How to choose keys.txt as a vocabulary ? for example where can i find english vocab.

wenwenyu / PICK-pytorch

Code for the paper "PICK: Processing Key Information Extraction from Documents using Improved Graph Learning-Convolutional Networks" (ICPR 2020)

https://arxiv.org/abs/2004.07464

MIT License

553 stars 191 forks source link

How to choose keys.txt as a vocabulary ? for example where can i find english vocab. #88

Open karimcossentini opened 3 years ago

ducviet00 commented 3 years ago

You can iterate though all your training dataset and get a set of character, include the space. They encode by the character index, and vocab size in Embedding Layer equal to the len of keys. I think it is not good to compare with new method like BPE encoding

babyhockey commented 3 years ago

Hi ducviet00, is the vocabulary a set of characters or words? If it is a set of characters, does it mean we just list "abcd...zABCD...Z" plus numbers and special chars in keys.txt?
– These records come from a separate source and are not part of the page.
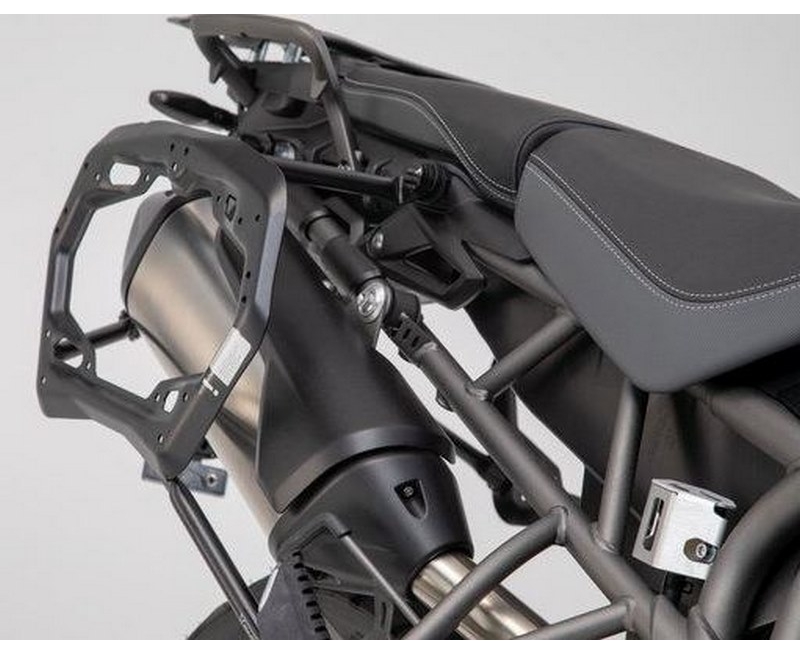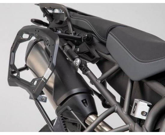 The side carriers are extremely durable and designed to fit closely along the vehicle. SW-MOTECH manufactures these side carriers in robust steel and then finish them off with a black powder coating. The patented QUICK-LOCK system allows the carrier to be attached and removed quickly - after a quarter turn at the attachment points, the carrier can be removed completely and only inconspicuous mounting tabs remain on the motorcycle.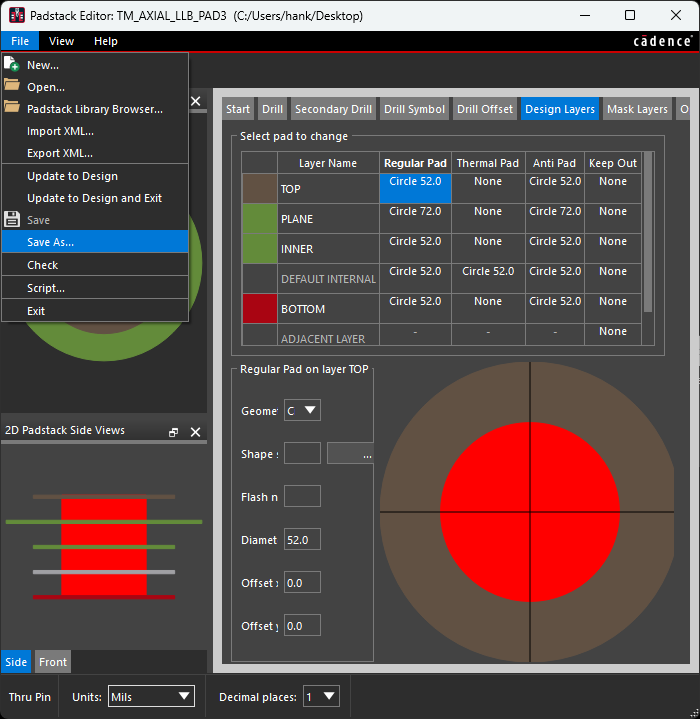 Regular Pad用于正片层、恒温焊盘Thermal Relief用于正片和负片层、负焊盘Anti Pad用于负片层(其中的Diameter参数表示的是过孔直径); - 【Mask Layer】:主要设置 阻焊层
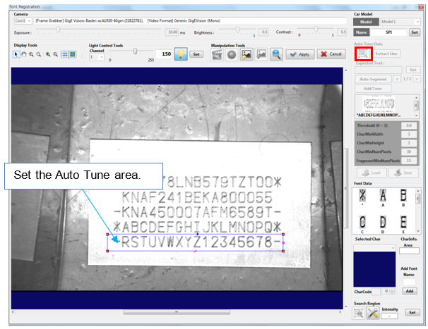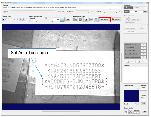 Click the [Setup Character Region] button of Auto Tune Data. Position the rectangle and then click the [Apply] button.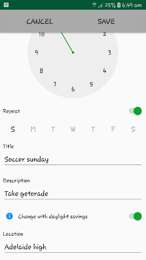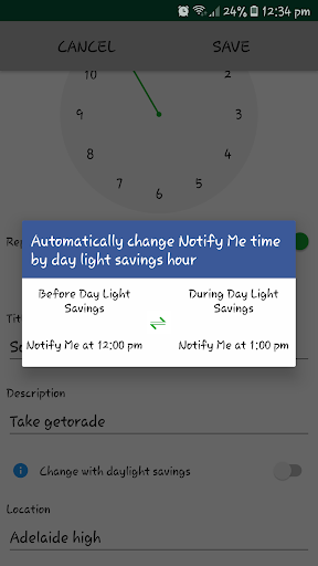 The uniqueness of this app is, you can opt to allow the app to change the notification time automatically as you enter and leave day light saving hours within your country.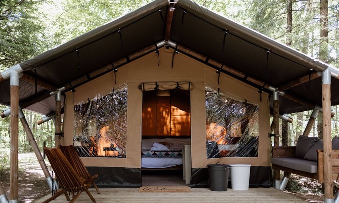 Safari Tent Site 4 | 1 King Bed | Pond View | RV Rental in Woodstock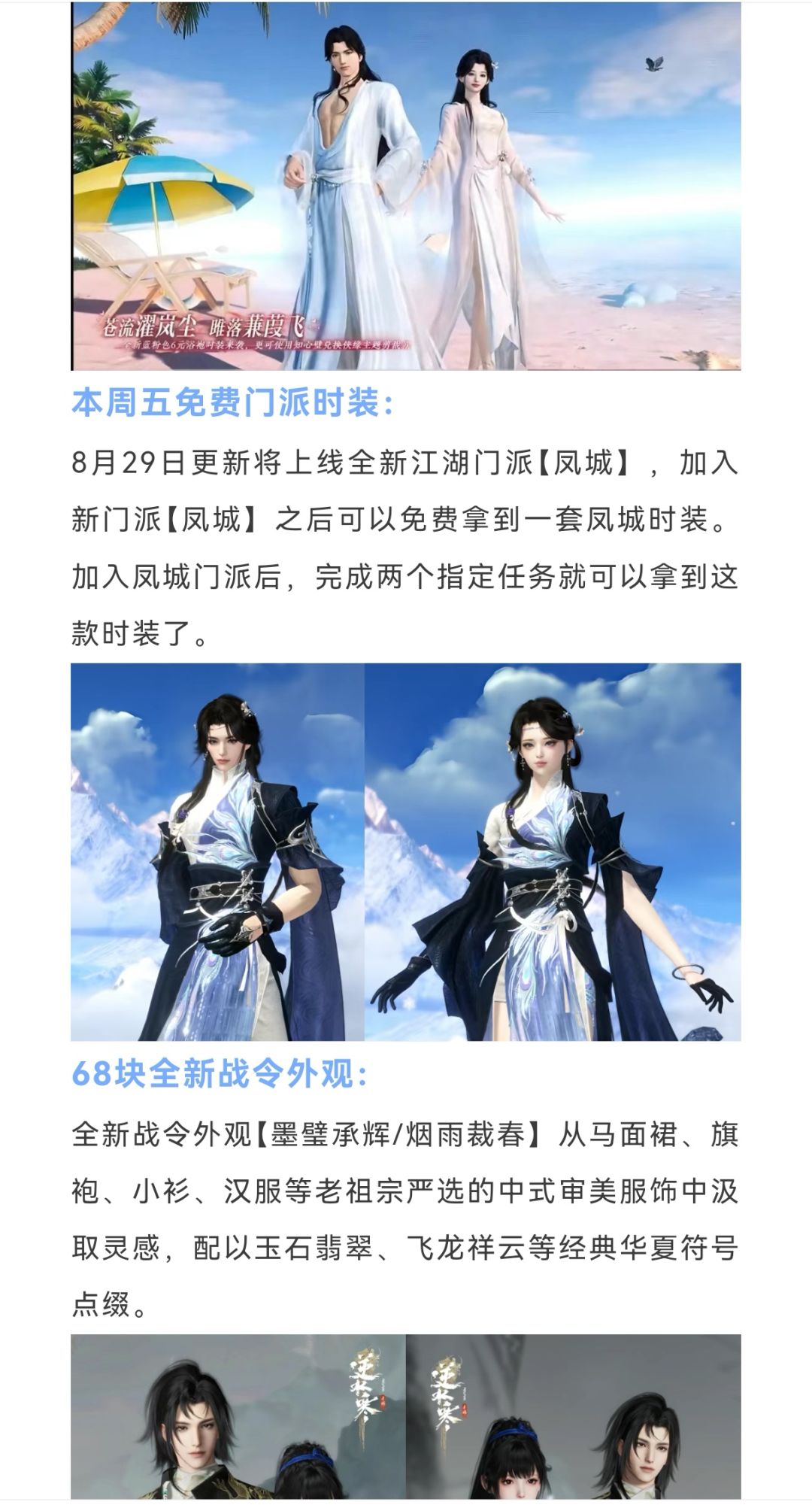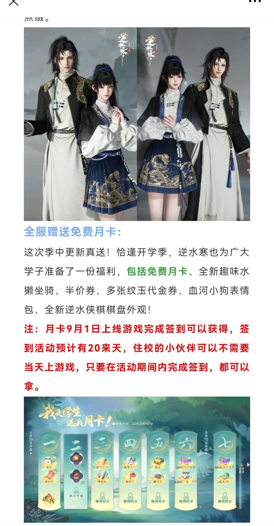 逆水寒全服赠送免费月卡,本周五免费门派时装,免费浴袍时装,68块新战令时装,流派试炼【沧流逐光】机制前瞻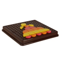 Zestaw zawiera klocki w 5 różnych kolorach i kształtach geometrycznych, które można dowolnie układać, tworząc różnorodne wzory i kompozycje na planszy. Karty z przykładami obrazków pozwalają dziecku rozwinąć umiejętność obserwacji i odwzorowywania kształtów.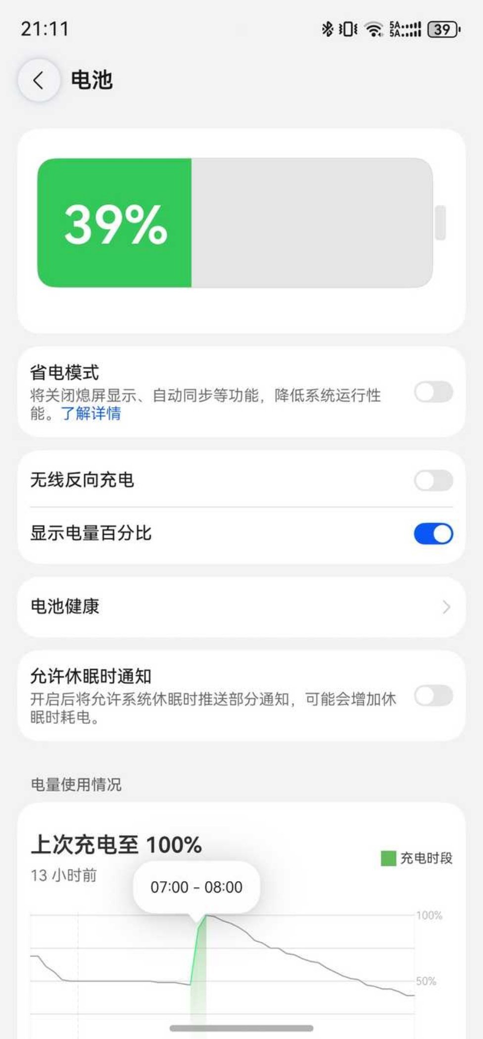 朋友用了一年多的华为Mate70Pro+从早上8点,日常中高强度用到晚上9点钟左右,依然剩余39%的电量。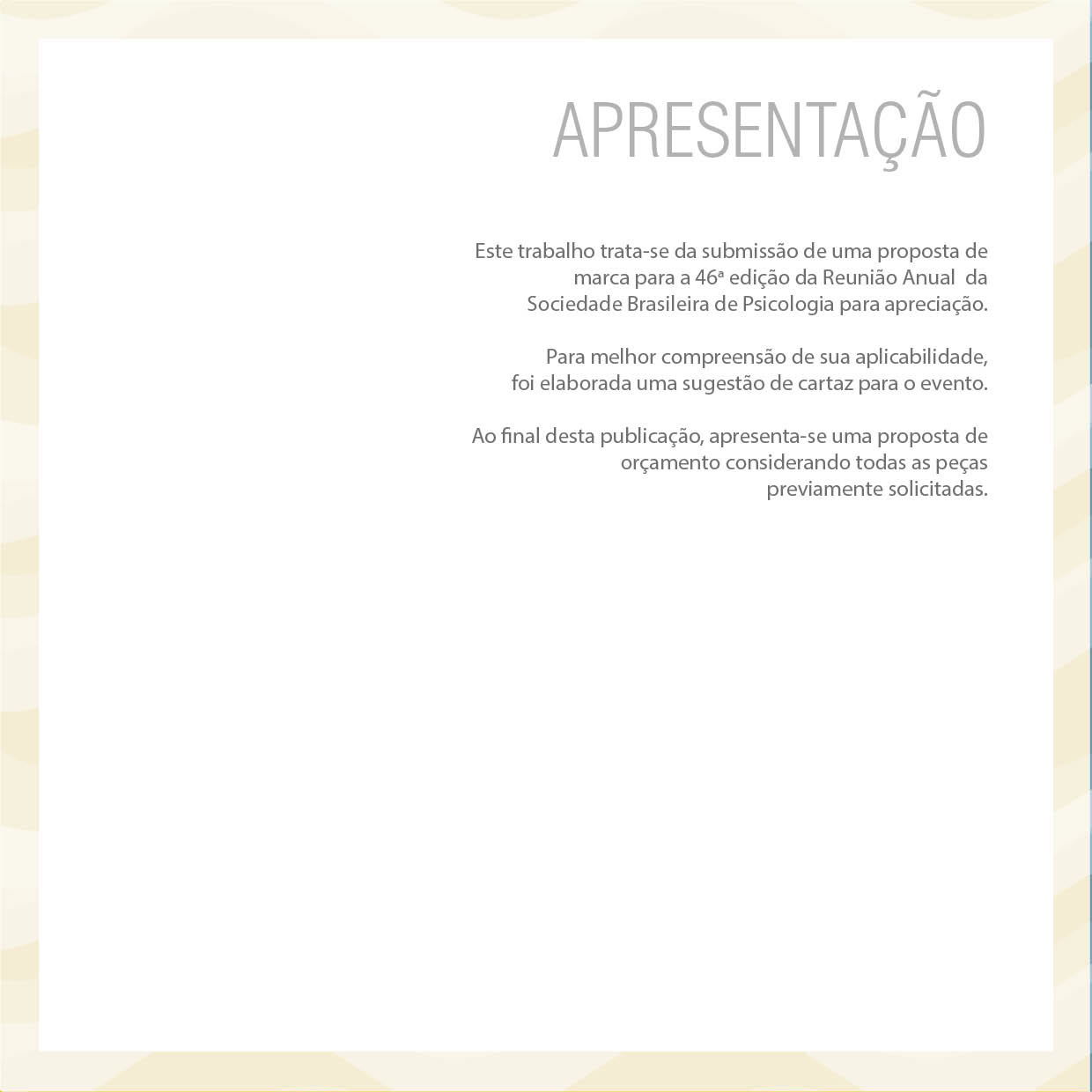 Este trabalho trata-se da submissão de uma proposta de marca e identidade visual para a 46a. edição da Reunião Anual da Sociedade Brasileira de Psicologia.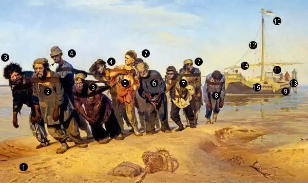 Подшишельные — ближайшие помощники шишки, чалившиеся справа и слева от него. По левую руку от Канина идет Илька-моряк — артельный староста, закупавший провиант и выдававший бурлакам их жалованье. Во времена Репина оно было небольшое — 30 копеек в день. Столько, например, стоило пересечь на извозчике всю Москву, проехав со Знаменки в Лефортово. За спинами подшишельных чалились нуждавшиеся в особом контроле.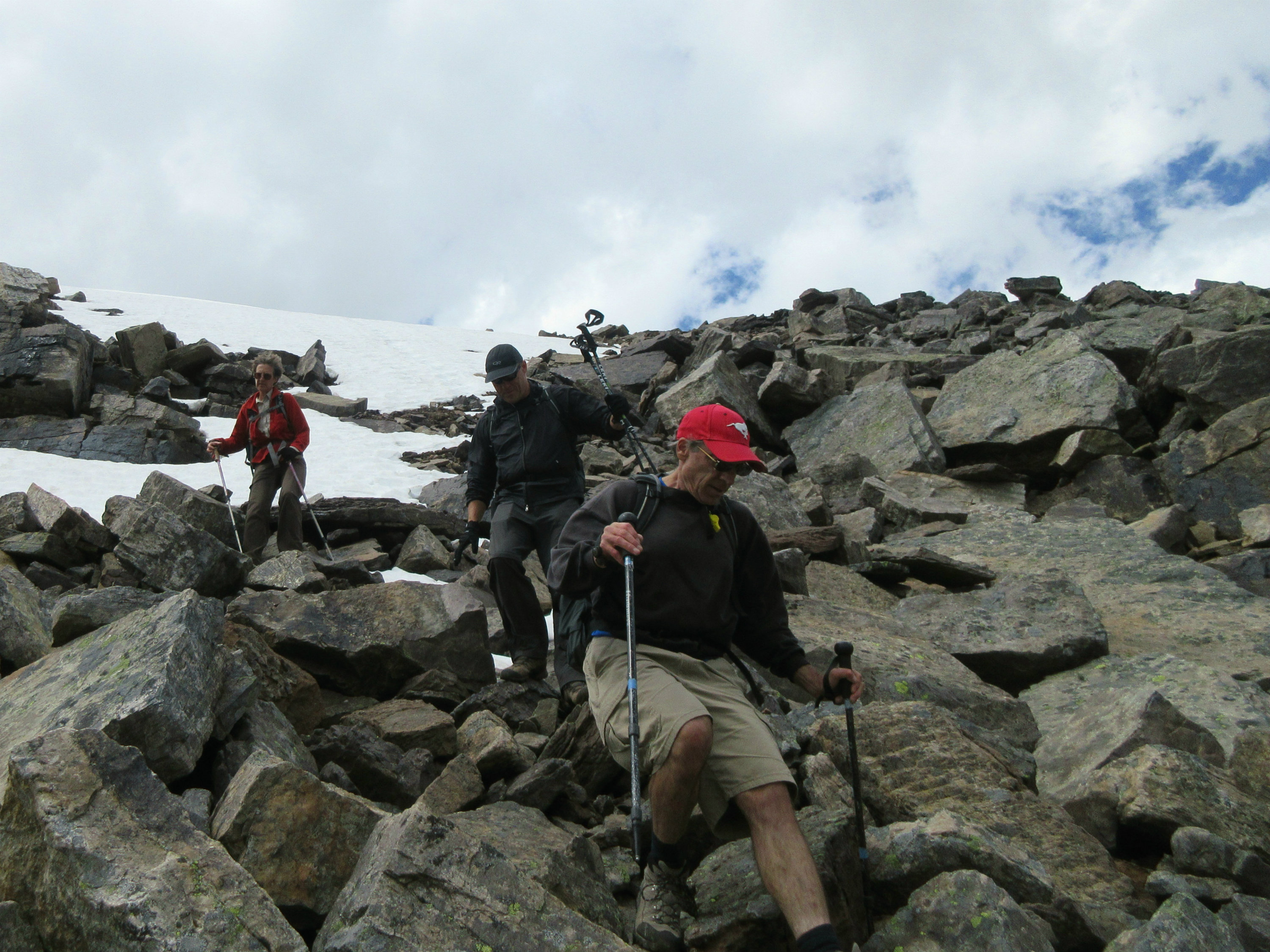 Gary, Simon and Yolande on the blocky upper slopes of Wastach Mountain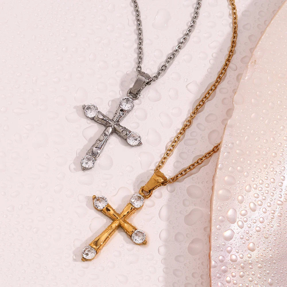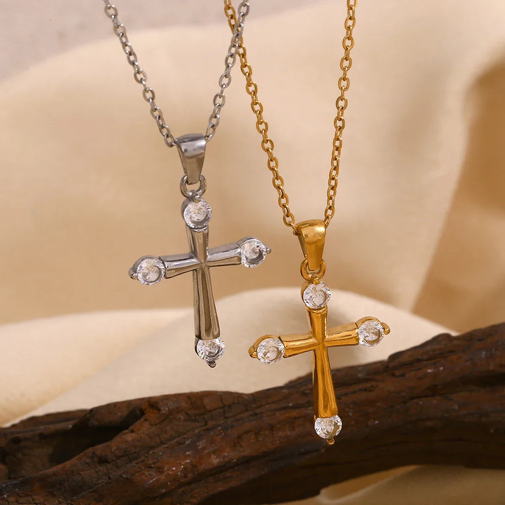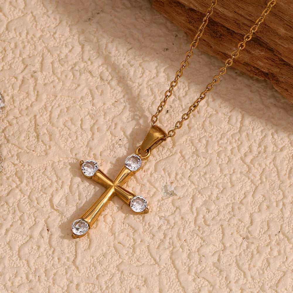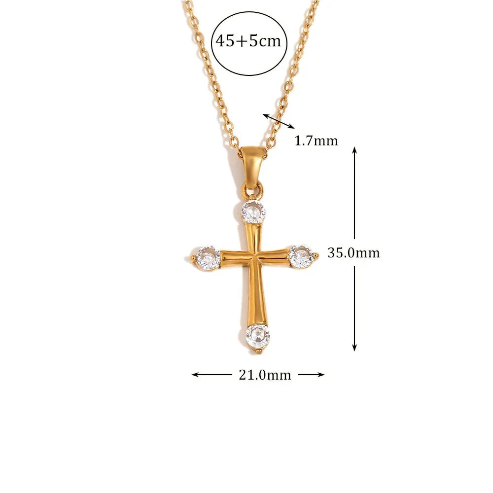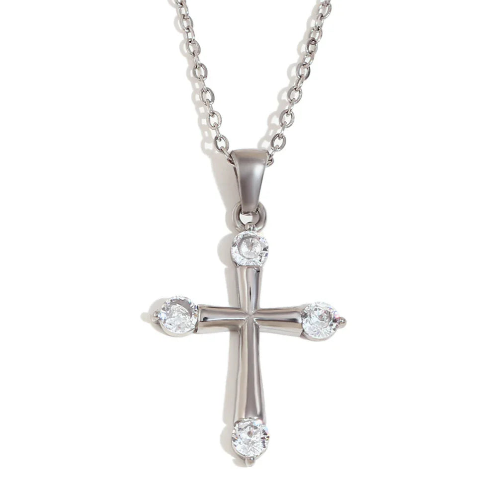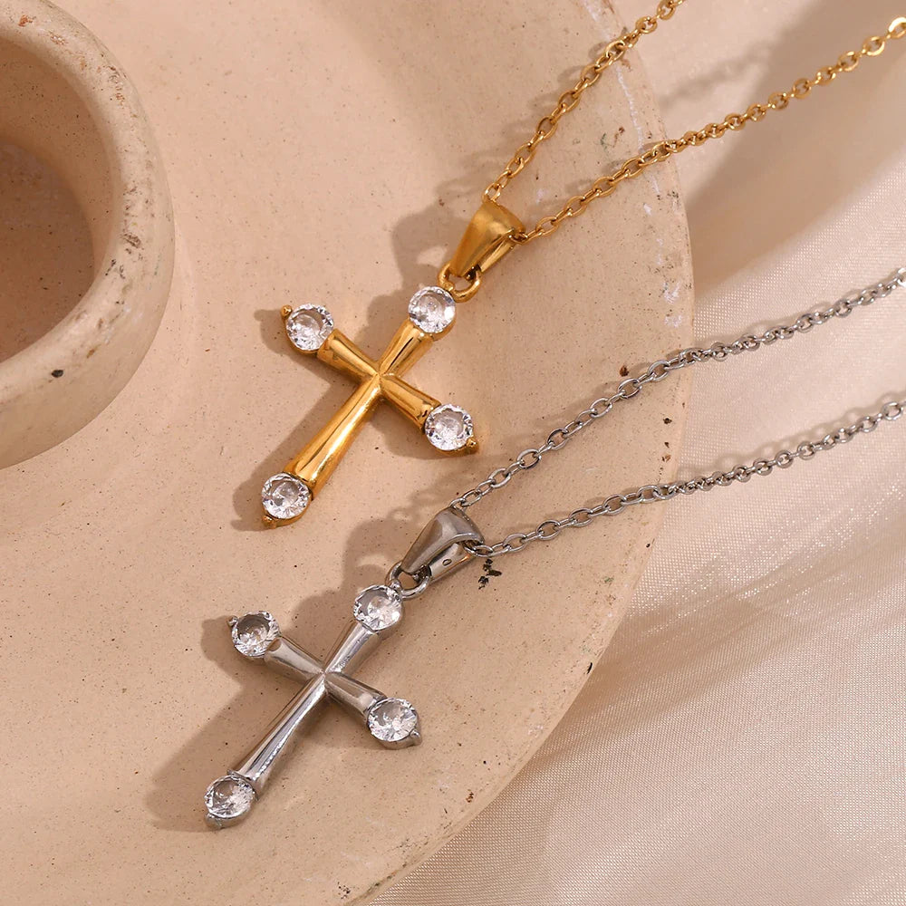Colar Cruz Minimalista com Zircônia em Aço Inoxidável
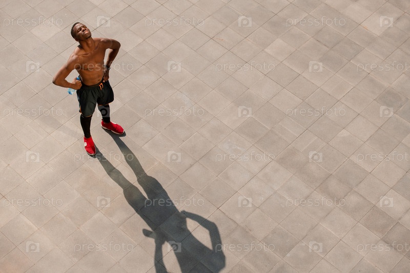 Молодой усталый мужчина без рубашки африканской этнической принадлежности, стоящий в городской среде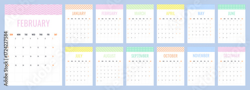 Colorful 2026 Calendar template vertical pages set. Week starts on Sunday. Fun monthly english planner for the year.

Thanks!

karimcossentini commented 3 years ago

Hi babyhockey, it's a good question cuz I have a problem with this vocab file , did you find the answer ?

babyhockey commented 3 years ago

Yes, it's a list of English characters plus numbers and special characters.

On Wed, May 26, 2021, 7:34 AM karim cossentini @.***> wrote:

Hi babyhockey, it's a good question cuz I have a problem with this vocab file , did you find the answer ?

— You are receiving this because you commented. Reply to this email directly, view it on GitHub https://github.com/wenwenyu/PICK-pytorch/issues/88#issuecomment-848694771, or unsubscribe https://github.com/notifications/unsubscribe-auth/AQORHK5YHDKKHV2CWUYY7UTTPTME5ANCNFSM43KOOAWA .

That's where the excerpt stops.